▸ Work item: Return each of the entries below precisely, with no pictures in the result.

*-*-*

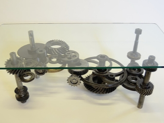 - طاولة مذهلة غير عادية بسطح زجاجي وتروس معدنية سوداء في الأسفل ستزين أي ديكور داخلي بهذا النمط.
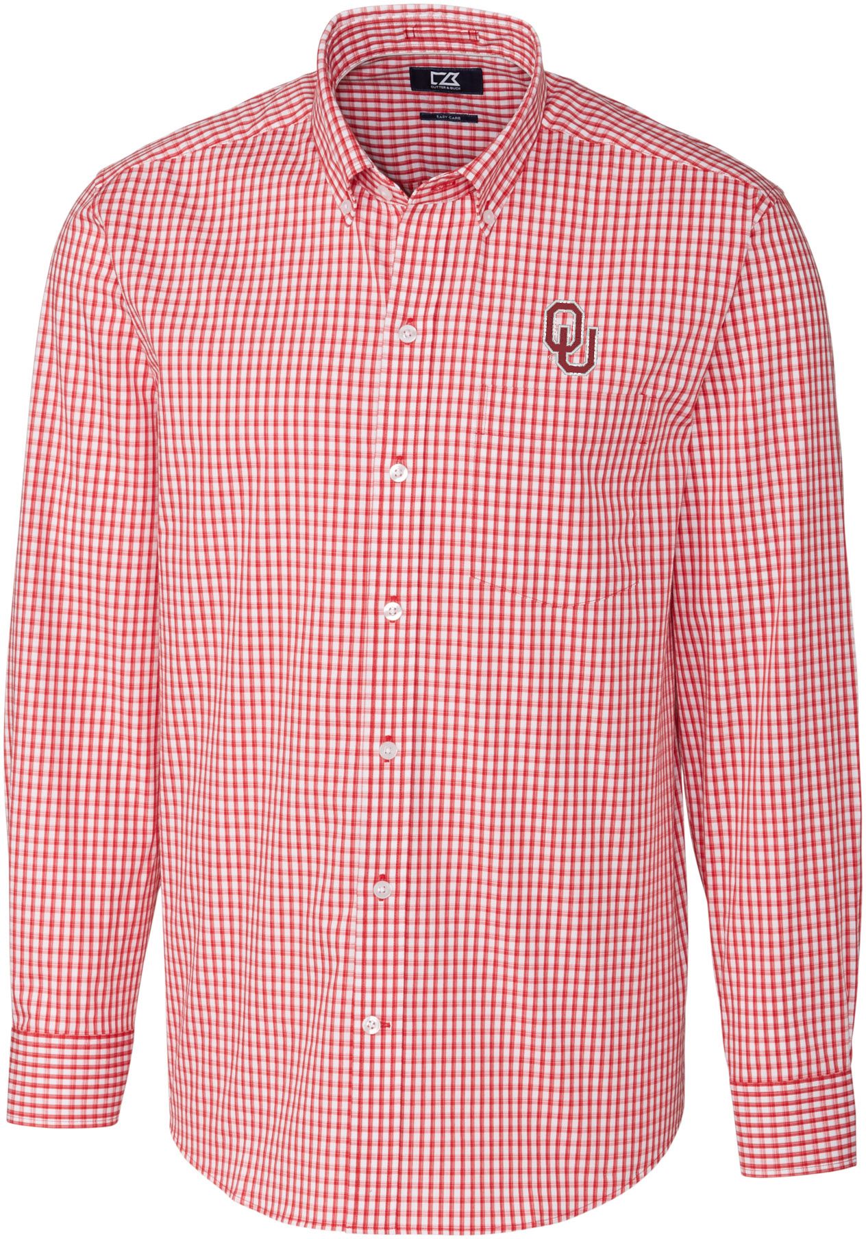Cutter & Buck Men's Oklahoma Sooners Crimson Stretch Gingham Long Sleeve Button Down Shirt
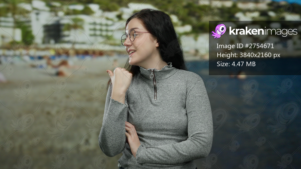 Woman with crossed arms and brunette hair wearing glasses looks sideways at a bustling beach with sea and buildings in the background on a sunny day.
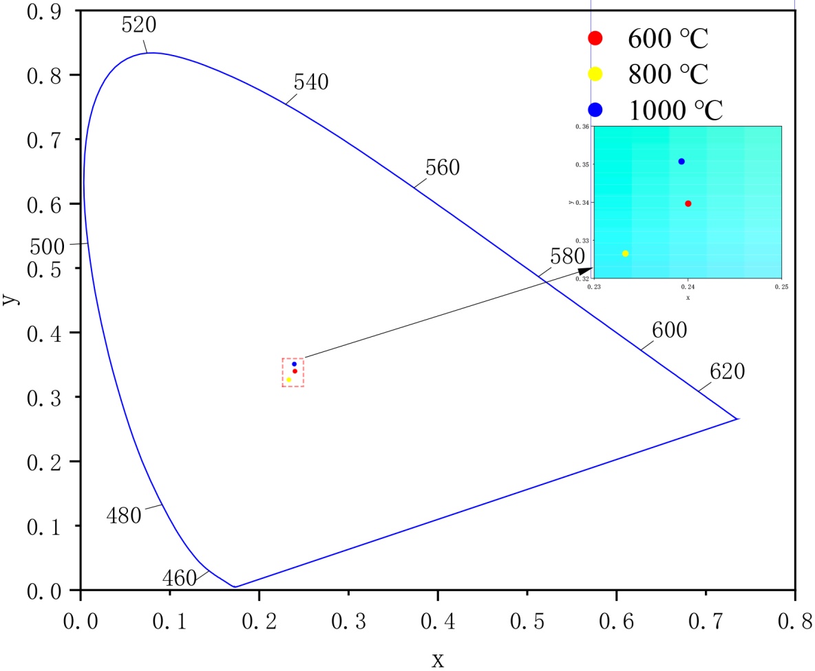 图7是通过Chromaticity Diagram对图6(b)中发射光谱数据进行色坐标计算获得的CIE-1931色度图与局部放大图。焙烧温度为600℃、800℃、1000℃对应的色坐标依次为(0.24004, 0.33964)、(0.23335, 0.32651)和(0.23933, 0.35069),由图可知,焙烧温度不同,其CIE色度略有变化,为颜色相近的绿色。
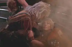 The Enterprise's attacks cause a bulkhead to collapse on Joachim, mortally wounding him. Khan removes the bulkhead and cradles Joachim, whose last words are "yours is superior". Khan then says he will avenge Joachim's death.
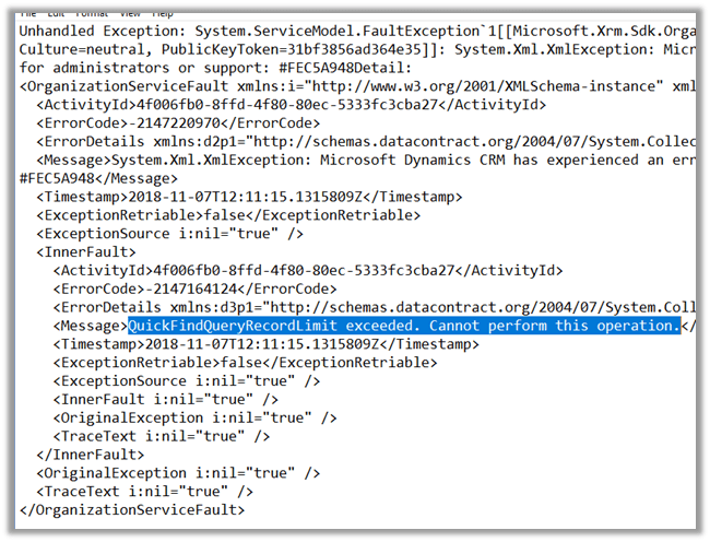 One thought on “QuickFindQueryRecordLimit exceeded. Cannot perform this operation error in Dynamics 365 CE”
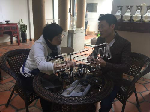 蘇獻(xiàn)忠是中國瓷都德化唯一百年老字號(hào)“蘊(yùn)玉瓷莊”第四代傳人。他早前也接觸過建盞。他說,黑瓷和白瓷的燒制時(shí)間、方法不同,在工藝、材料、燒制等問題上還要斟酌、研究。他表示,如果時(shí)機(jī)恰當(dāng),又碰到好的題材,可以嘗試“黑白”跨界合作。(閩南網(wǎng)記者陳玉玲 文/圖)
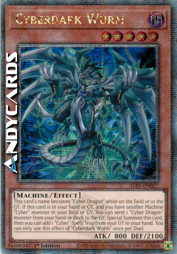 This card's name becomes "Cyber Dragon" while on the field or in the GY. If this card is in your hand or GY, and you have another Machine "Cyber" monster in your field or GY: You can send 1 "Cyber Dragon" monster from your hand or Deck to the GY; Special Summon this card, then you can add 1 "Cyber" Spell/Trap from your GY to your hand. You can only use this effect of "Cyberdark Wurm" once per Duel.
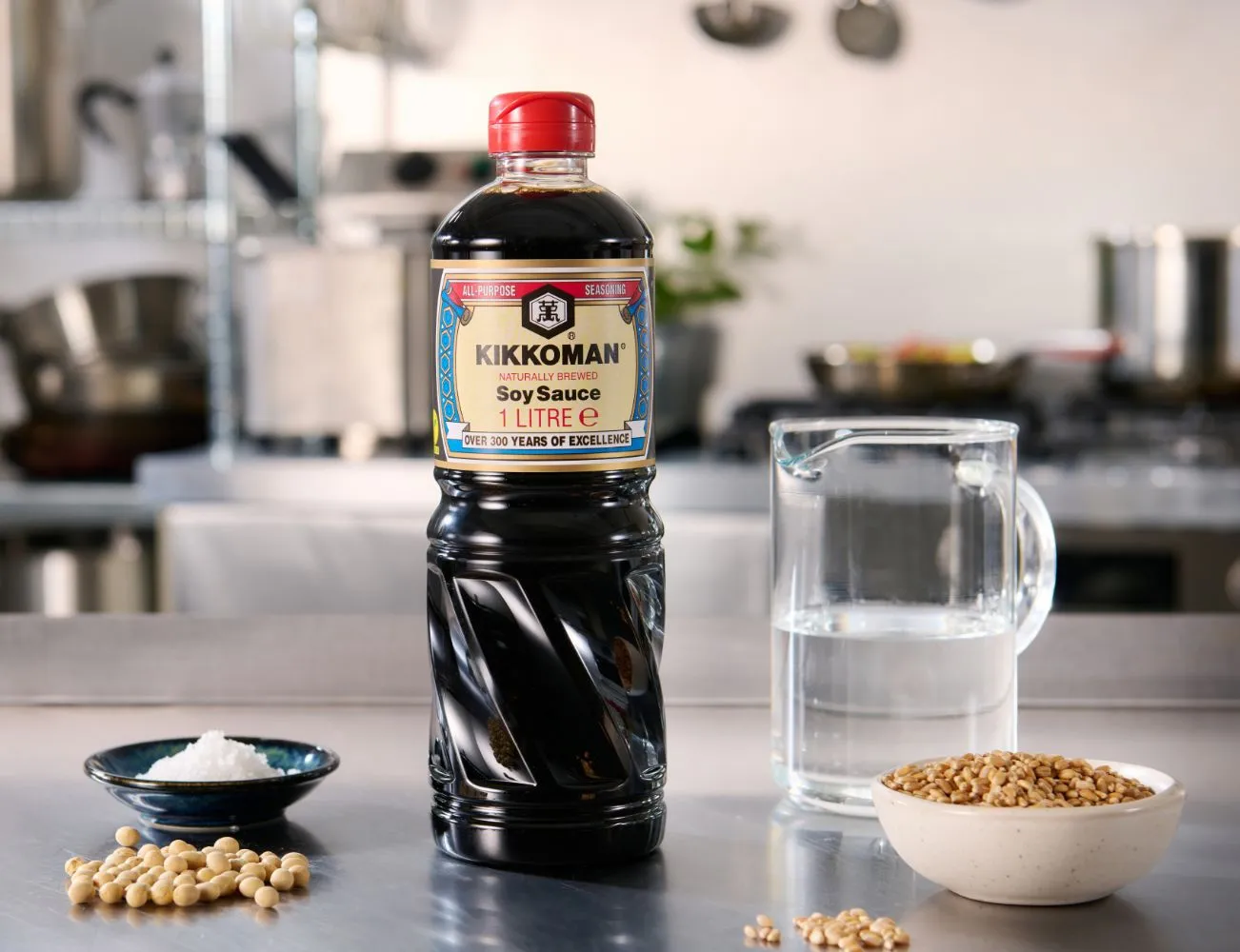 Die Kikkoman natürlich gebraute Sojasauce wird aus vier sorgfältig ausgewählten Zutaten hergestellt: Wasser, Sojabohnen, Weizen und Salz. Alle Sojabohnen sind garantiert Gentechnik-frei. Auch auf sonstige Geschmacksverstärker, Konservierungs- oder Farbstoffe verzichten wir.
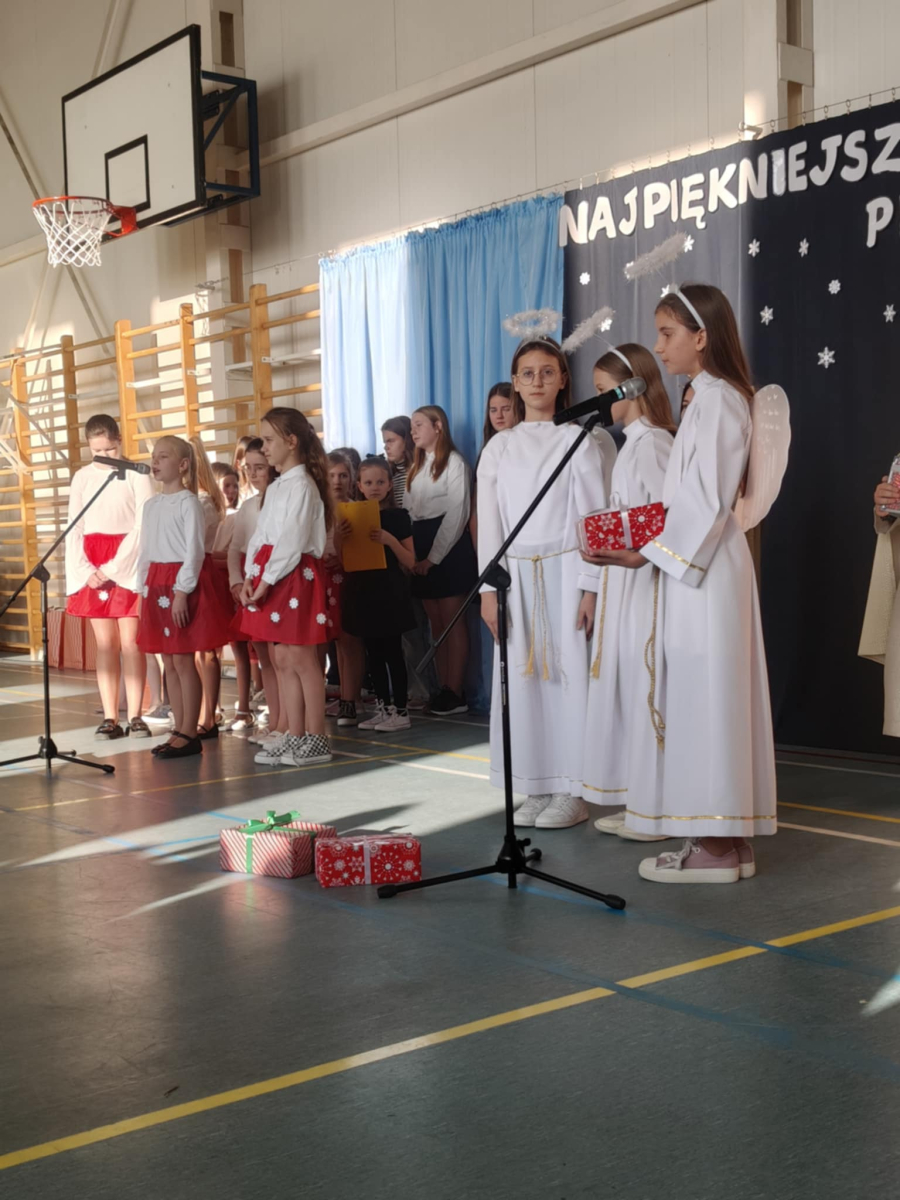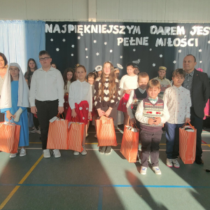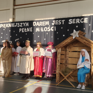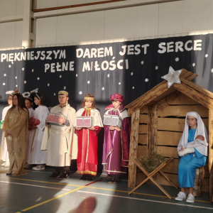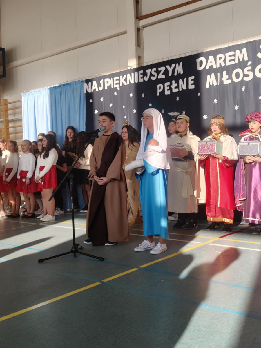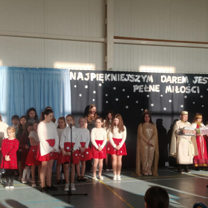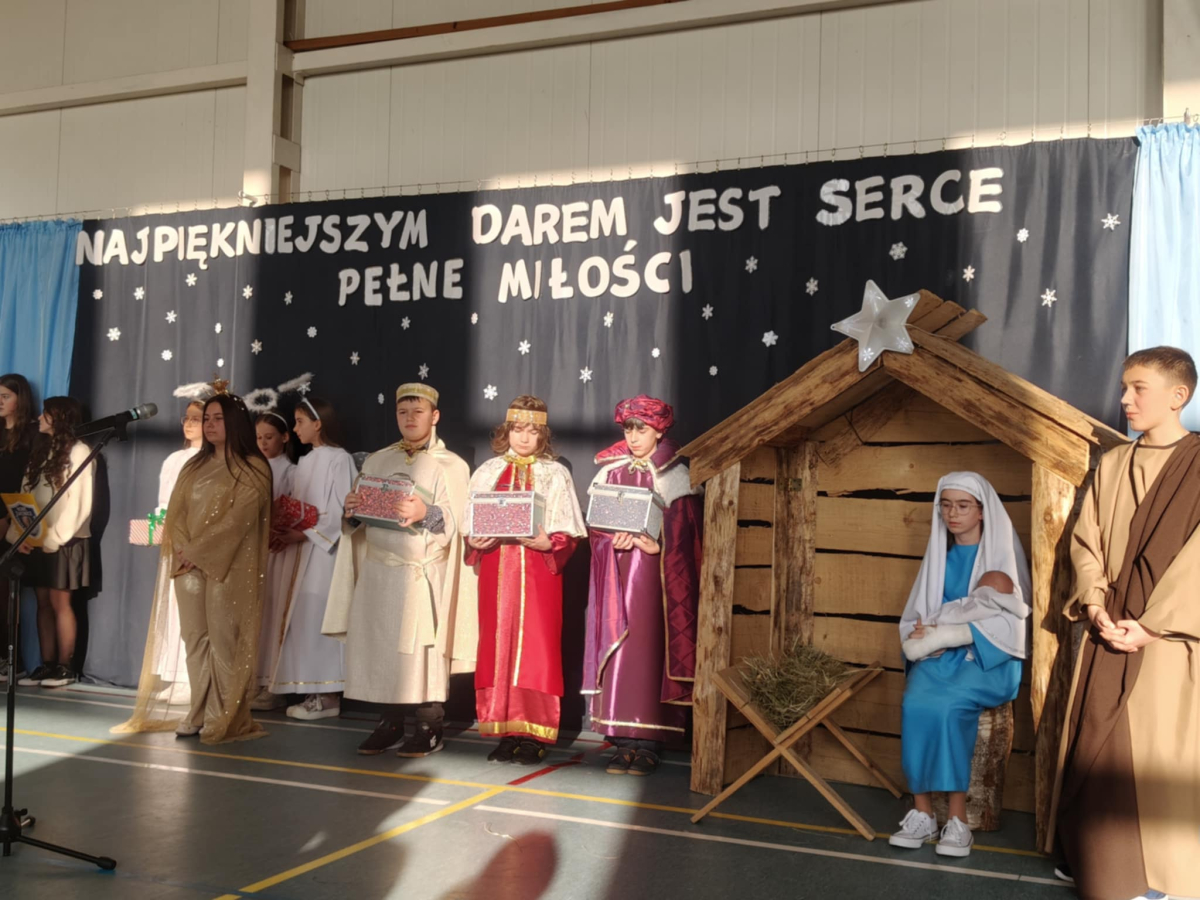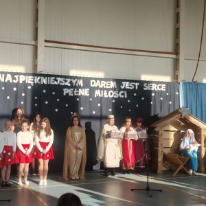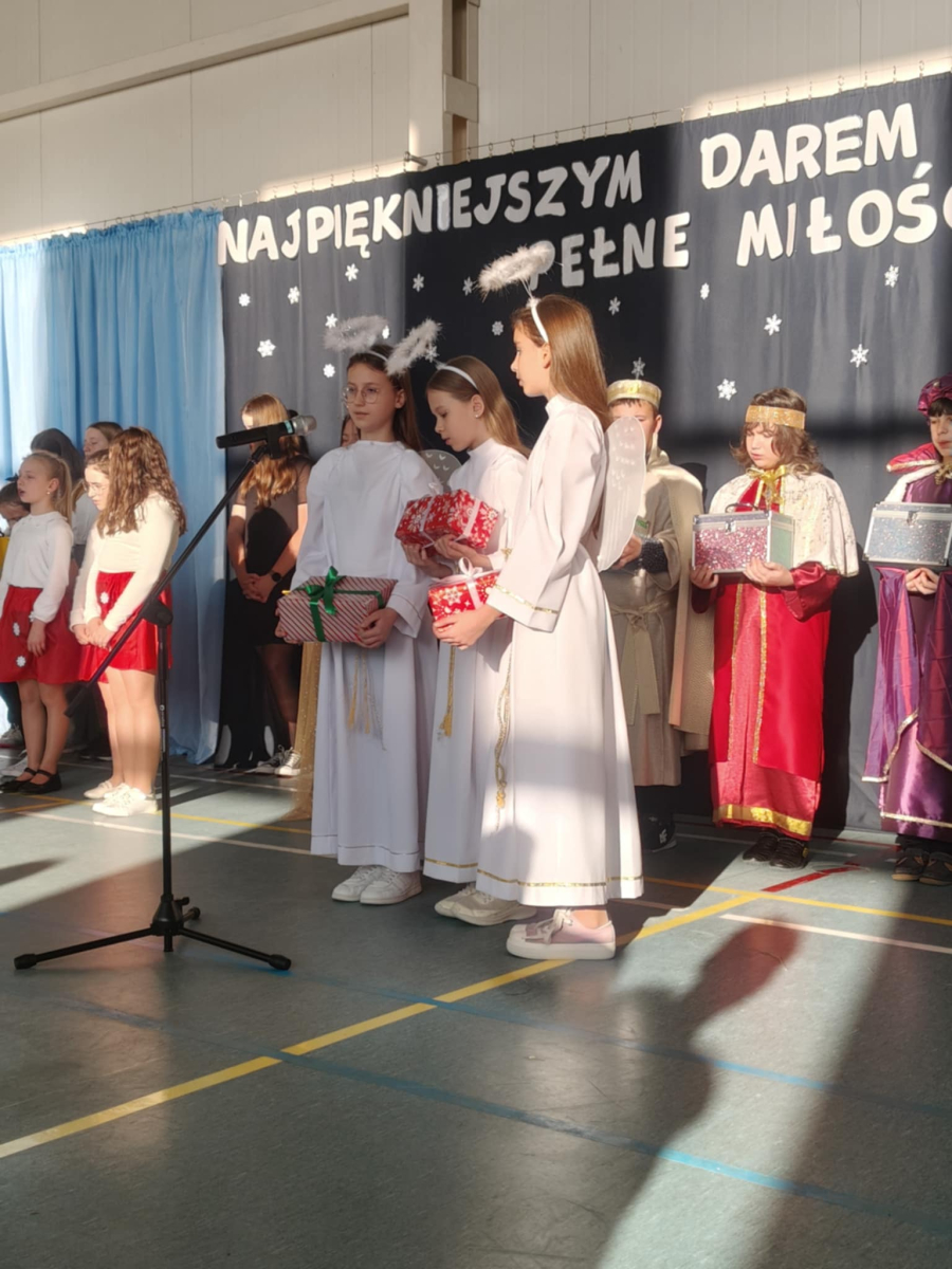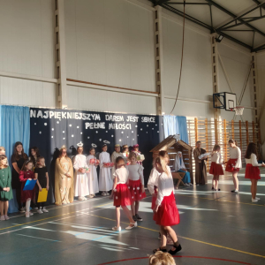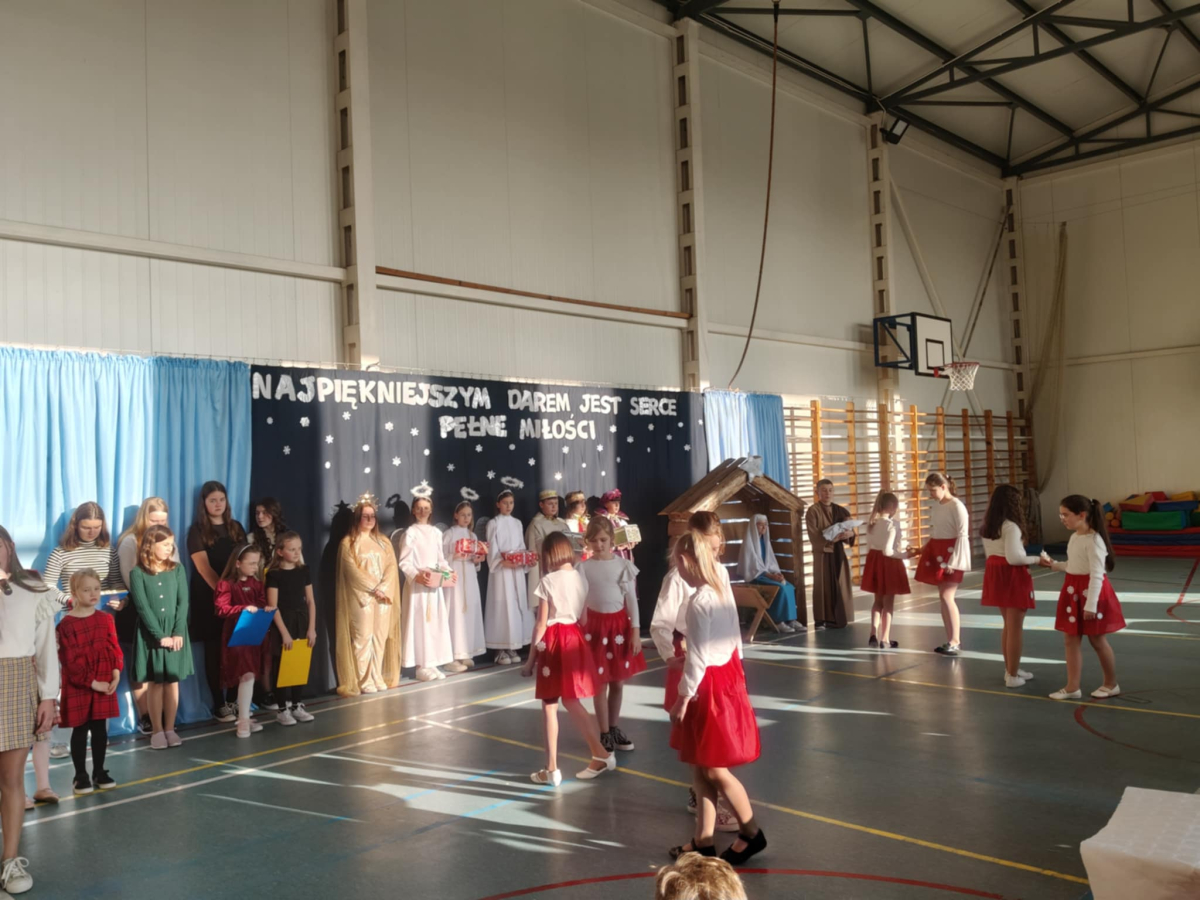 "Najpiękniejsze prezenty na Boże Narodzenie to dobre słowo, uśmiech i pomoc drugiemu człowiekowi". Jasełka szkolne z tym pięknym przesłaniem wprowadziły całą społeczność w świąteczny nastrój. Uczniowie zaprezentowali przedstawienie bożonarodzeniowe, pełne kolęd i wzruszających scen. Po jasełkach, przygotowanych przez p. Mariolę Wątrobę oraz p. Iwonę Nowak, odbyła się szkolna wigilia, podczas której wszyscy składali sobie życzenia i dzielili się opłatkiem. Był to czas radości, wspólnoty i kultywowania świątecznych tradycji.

*-*-*

▸ Solved exercise:
 - طاولة مذهلة غير عادية بسطح زجاجي وتروس معدنية سوداء في الأسفل ستزين أي ديكور داخلي بهذا النمط.
Cutter & Buck Men's Oklahoma Sooners Crimson Stretch Gingham Long Sleeve Button Down Shirt
 Woman with crossed arms and brunette hair wearing glasses looks sideways at a bustling beach with sea and buildings in the background on a sunny day.
 图7是通过Chromaticity Diagram对图6(b)中发射光谱数据进行色坐标计算获得的CIE-1931色度图与局部放大图。焙烧温度为600℃、800℃、1000℃对应的色坐标依次为(0.24004, 0.33964)、(0.23335, 0.32651)和(0.23933, 0.35069),由图可知,焙烧温度不同,其CIE色度略有变化,为颜色相近的绿色。
 The Enterprise's attacks cause a bulkhead to collapse on Joachim, mortally wounding him. Khan removes the bulkhead and cradles Joachim, whose last words are "yours is superior". Khan then says he will avenge Joachim's death.
 One thought on “QuickFindQueryRecordLimit exceeded. Cannot perform this operation error in Dynamics 365 CE”
 蘇獻(xiàn)忠是中國瓷都德化唯一百年老字號(hào)“蘊(yùn)玉瓷莊”第四代傳人。他早前也接觸過建盞。他說,黑瓷和白瓷的燒制時(shí)間、方法不同,在工藝、材料、燒制等問題上還要斟酌、研究。他表示,如果時(shí)機(jī)恰當(dāng),又碰到好的題材,可以嘗試“黑白”跨界合作。(閩南網(wǎng)記者陳玉玲 文/圖)
 This card's name becomes "Cyber Dragon" while on the field or in the GY. If this card is in your hand or GY, and you have another Machine "Cyber" monster in your field or GY: You can send 1 "Cyber Dragon" monster from your hand or Deck to the GY; Special Summon this card, then you can add 1 "Cyber" Spell/Trap from your GY to your hand. You can only use this effect of "Cyberdark Wurm" once per Duel.
 Die Kikkoman natürlich gebraute Sojasauce wird aus vier sorgfältig ausgewählten Zutaten hergestellt: Wasser, Sojabohnen, Weizen und Salz. Alle Sojabohnen sind garantiert Gentechnik-frei. Auch auf sonstige Geschmacksverstärker, Konservierungs- oder Farbstoffe verzichten wir.
 "Najpiękniejsze prezenty na Boże Narodzenie to dobre słowo, uśmiech i pomoc drugiemu człowiekowi". Jasełka szkolne z tym pięknym przesłaniem wprowadziły całą społeczność w świąteczny nastrój. Uczniowie zaprezentowali przedstawienie bożonarodzeniowe, pełne kolęd i wzruszających scen. Po jasełkach, przygotowanych przez p. Mariolę Wątrobę oraz p. Iwonę Nowak, odbyła się szkolna wigilia, podczas której wszyscy składali sobie życzenia i dzielili się opłatkiem. Był to czas radości, wspólnoty i kultywowania świątecznych tradycji.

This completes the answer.